● YOUR INSTRUCTIONS
Excluding pictures, what does the listing below contain from the line with "قندان تک پایه" up to and including the line with "Mexen Velar L", word for word?

● SUPPLIED RECORDS
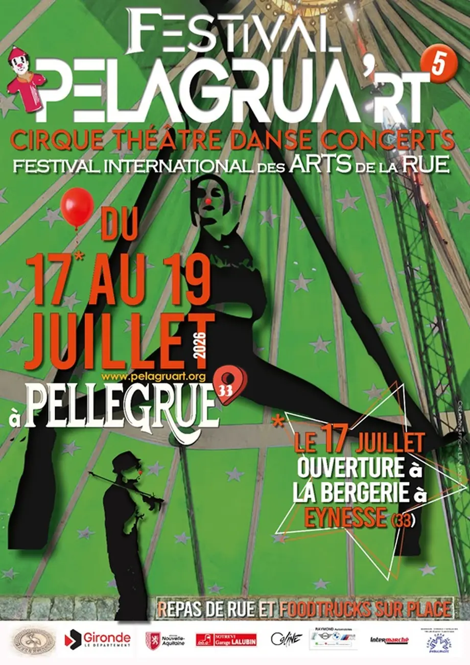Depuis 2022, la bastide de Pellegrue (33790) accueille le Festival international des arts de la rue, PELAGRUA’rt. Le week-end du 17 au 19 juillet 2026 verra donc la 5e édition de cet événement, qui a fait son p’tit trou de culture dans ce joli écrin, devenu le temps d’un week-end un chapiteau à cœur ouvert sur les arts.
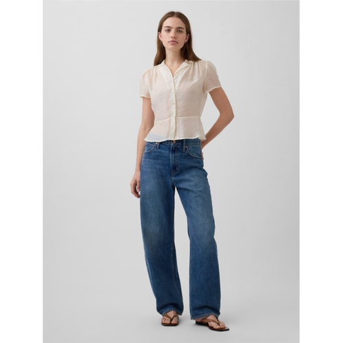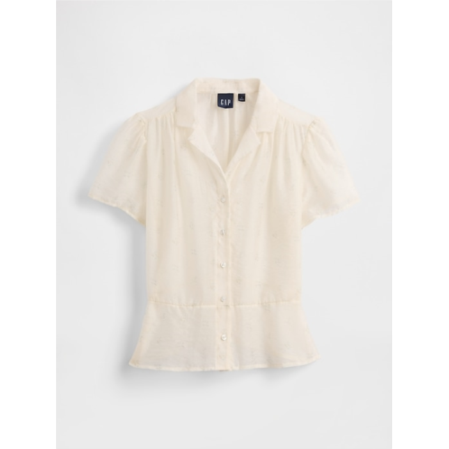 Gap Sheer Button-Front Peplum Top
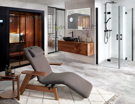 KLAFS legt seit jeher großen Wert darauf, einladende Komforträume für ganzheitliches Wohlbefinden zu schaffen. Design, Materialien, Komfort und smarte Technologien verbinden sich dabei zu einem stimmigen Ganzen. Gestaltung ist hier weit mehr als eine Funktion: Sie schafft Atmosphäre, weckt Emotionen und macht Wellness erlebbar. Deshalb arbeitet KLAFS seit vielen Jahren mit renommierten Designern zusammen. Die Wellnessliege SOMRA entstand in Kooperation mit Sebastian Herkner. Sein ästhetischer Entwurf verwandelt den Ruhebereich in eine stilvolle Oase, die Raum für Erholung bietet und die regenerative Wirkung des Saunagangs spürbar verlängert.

--

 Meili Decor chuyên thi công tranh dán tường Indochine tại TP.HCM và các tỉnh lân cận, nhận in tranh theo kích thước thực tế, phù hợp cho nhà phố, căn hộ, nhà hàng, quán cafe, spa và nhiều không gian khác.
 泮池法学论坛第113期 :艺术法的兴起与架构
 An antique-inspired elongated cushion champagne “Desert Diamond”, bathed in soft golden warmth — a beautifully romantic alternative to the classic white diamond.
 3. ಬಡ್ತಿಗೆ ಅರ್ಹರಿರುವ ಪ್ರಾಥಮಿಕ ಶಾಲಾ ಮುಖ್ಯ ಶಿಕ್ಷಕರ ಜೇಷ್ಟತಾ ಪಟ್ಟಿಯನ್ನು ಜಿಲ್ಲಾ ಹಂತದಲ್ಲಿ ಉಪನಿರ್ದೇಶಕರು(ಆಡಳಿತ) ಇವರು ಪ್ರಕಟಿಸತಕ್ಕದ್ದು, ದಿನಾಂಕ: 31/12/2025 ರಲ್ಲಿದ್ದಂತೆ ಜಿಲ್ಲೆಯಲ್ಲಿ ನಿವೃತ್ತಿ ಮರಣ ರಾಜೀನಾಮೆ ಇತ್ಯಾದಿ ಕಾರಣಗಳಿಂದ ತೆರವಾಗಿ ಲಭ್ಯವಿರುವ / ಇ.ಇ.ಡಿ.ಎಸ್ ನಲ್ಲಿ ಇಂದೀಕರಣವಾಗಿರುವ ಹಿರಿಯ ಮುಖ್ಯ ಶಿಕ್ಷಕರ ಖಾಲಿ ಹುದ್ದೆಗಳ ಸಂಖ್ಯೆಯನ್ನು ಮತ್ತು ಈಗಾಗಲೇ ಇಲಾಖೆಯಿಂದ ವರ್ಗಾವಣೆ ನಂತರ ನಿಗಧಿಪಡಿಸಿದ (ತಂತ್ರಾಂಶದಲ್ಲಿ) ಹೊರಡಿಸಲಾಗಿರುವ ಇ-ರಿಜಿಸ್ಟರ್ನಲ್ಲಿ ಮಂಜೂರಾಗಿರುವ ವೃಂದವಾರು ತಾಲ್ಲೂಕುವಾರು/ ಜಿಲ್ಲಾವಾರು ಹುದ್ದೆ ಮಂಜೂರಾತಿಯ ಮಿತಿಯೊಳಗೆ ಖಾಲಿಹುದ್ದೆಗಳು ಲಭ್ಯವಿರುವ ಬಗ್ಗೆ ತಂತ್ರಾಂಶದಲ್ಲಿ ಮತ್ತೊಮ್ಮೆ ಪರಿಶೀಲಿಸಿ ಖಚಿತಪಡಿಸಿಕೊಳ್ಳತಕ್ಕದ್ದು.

* * *

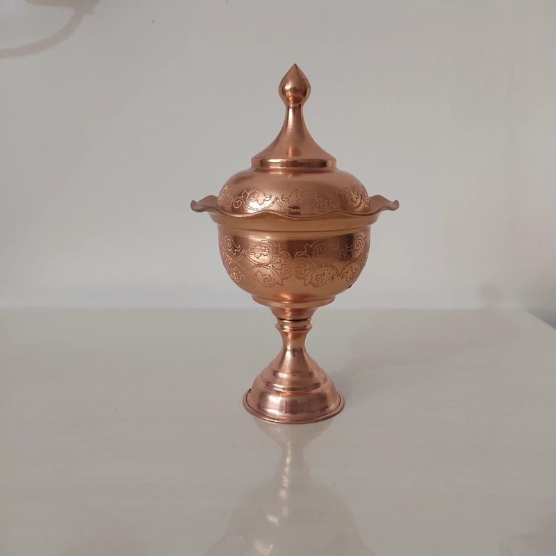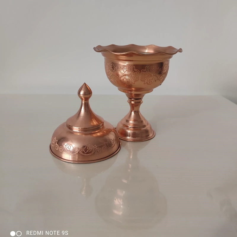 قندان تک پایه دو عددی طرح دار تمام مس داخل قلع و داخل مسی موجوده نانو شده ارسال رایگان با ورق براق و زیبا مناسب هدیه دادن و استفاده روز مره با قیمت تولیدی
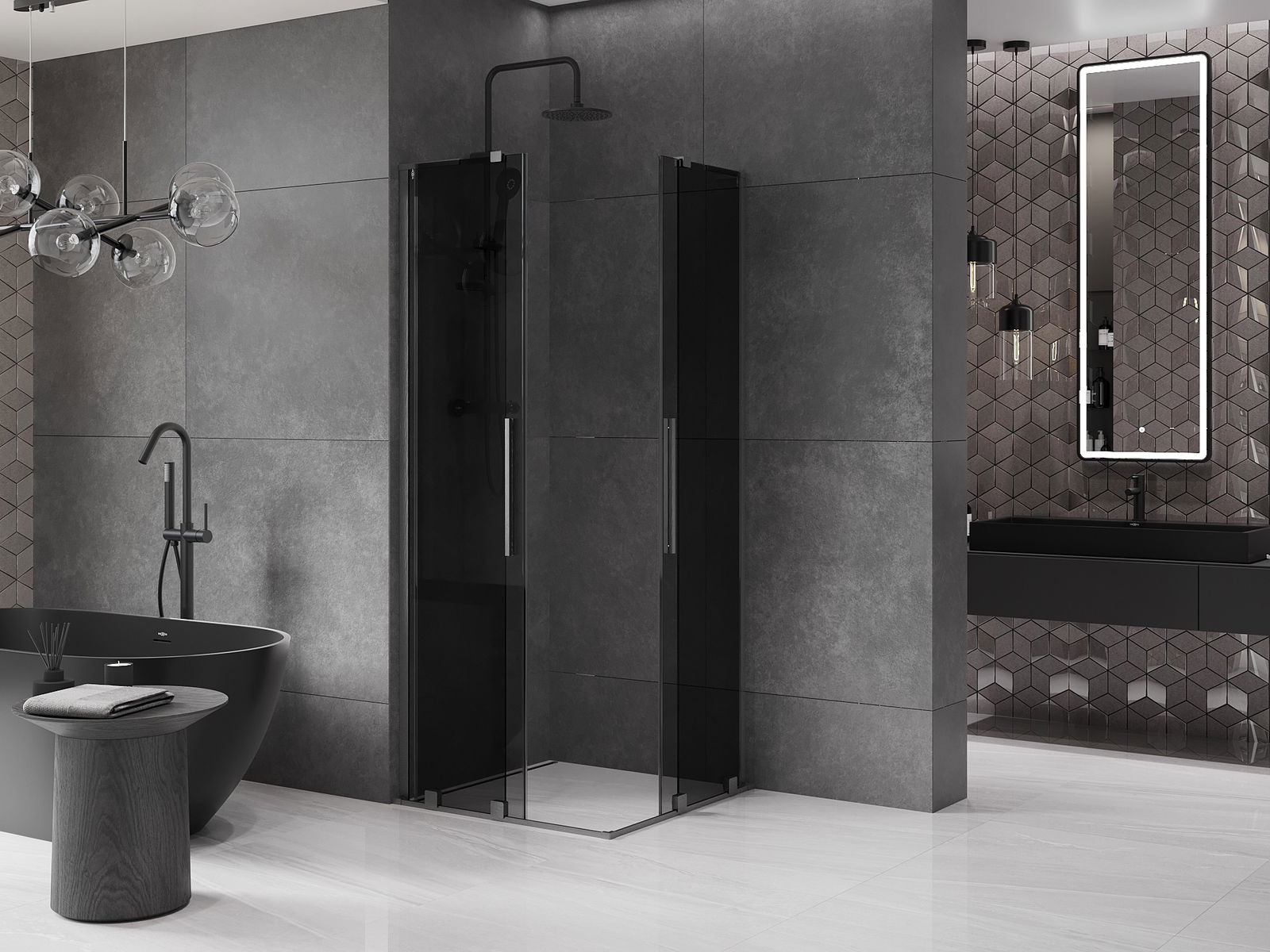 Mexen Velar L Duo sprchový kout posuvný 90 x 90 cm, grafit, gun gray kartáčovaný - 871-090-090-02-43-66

● OUTPUT FOR THIS TASK
 قندان تک پایه دو عددی طرح دار تمام مس داخل قلع و داخل مسی موجوده نانو شده ارسال رایگان با ورق براق و زیبا مناسب هدیه دادن و استفاده روز مره با قیمت تولیدی
 Mexen Velar L Duo sprchový kout posuvný 90 x 90 cm, grafit, gun gray kartáčovaný - 871-090-090-02-43-66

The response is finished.